Edited September 16, 2010 by DeeGee

[Guest]

On further thought, finding the coefficients here is the same as expressing (x+n)ⁿ - xⁿ as a function of (x+n-1)^(n-1), (x+n-2)^(n-2) and so on. This is always possible because you will always have as many equations as the number of variables.

[Guest]

For which degree of polynomials can you do this? Is there a way to predict the pattern for an nth-degree polynomial?

I'm sure it's possible for any degree of polynomial.

It is always possible to derive an exact solution of the derivative from the finite difference formula of a polynomial of degree n (as long as you believe in Taylor's theorem) using at most an n-point stencil (or is it n-1?). It's easier when the kernel is uniform, which, thankfully, it is in this case. Anyway, you end up with an n-diagonal matrix of finite difference coefficients, the inverse of which would be the coefficients for computing the integral of f'(x), a polynomial of degree n-1. It should be sufficient then to show that any such matrix is invertible, which IIRC is true if none of the occupied diagonals contains a zero, which they do not.

I suppose it might be just as easy to develop a 'finite sum' method directly, but whatever. Maybe later...

[EventHorizon]

From f(z) to f(z+3), the cofficients would be (3/2,9/2,9/2,3/2) for definite integral between (z+3) and z

Going by how I solved it, I would say such a solution is possible for any degree of polynomial.

Also, I observed that the sum of all coefficients is equal to n(n+1) where n is the degree of polynomial.
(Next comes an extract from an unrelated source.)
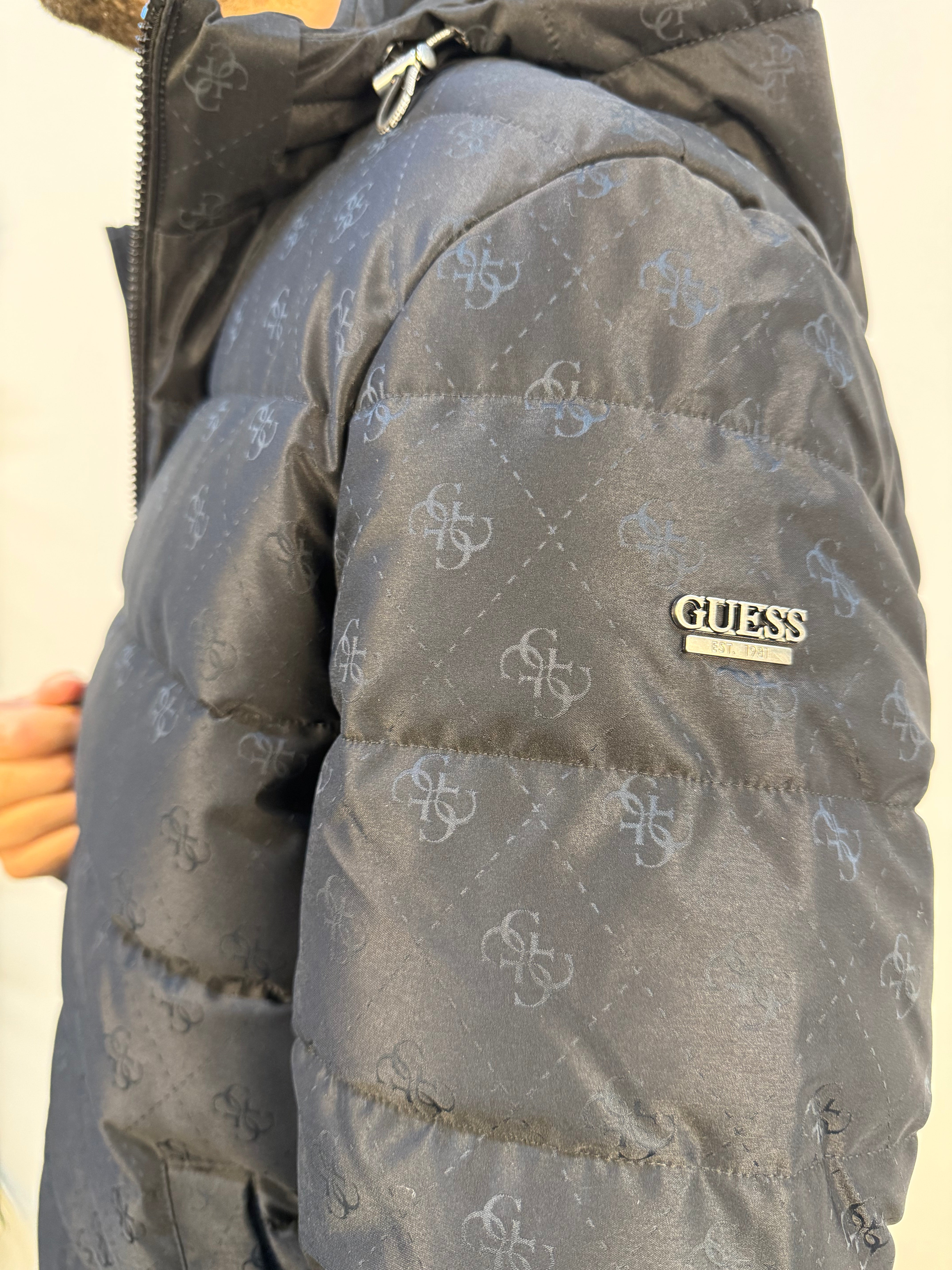 Piumino Guess con chiusura a zip e delicata trama logata 4G all over leggermente a contrasto, per un effetto elegante e discreto. Dotato di tasche frontali con bottone a pressione e cappuccio removibile con cursori elasticizzati per regolarne l’ampiezza. Realizzato in tessuto water resistant, è caldo e avvolgente, perfetto per le giornate più fredde. Completa il design il piccolo logo metallico sulla manica, dettaglio distintivo e raffinato.

Further generalisation can be made on this and it is possible to derive a generalised formula for a polynimal of nth degree. But I'm too tired for that now

I asked for the first coefficient to be normalized to 1, which makes the correct pattern of (1,3,3,1). Though your coefficients are off by a factor of 4. A quick check using f(x)=1 shows your coefficients producing a value of 12, but the area is obviously 3. Maybe you just normalized them funny, or omitted the /4 from integration.

Just two quick and easily provable observations. The pattern will be symmetric. The sum of the coefficients will be the degree of the polynomial (equivalently the length being integrated over), since f(x)=1 should work out right.
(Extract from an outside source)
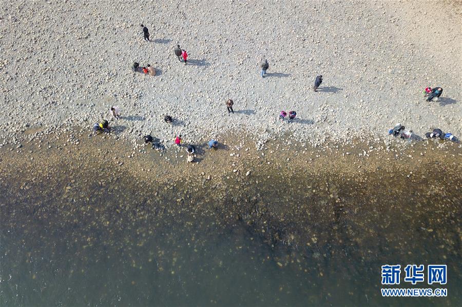 3月3日,市民在黄河兰州段河床上散步(无人机照片)。近日,受黄河上游来水量较少等因素影响,黄河兰州段水位持续下降,出现部分河床“露底”现象。新华社记者范培珅摄

I haven't calculated it out, but I'm curious as to what the pattern is for quartics. Since you should be able to plug in a quadratic and have it work out, but you have the right values sampled to calculate using the quadratic's pattern as well. Interesting stuff...

I agree that it seems like it is always possible, and d3k3 looks like he's found a method that could lead to a proof (though I don't see the diagonalization yet).

This just leaves predicting the pattern (and possibly a more rigorous existence proof).

[Guest]

This just leaves predicting the pattern (and possibly a more rigorous existence proof).

It would seem that we've been guilty of over-thinking...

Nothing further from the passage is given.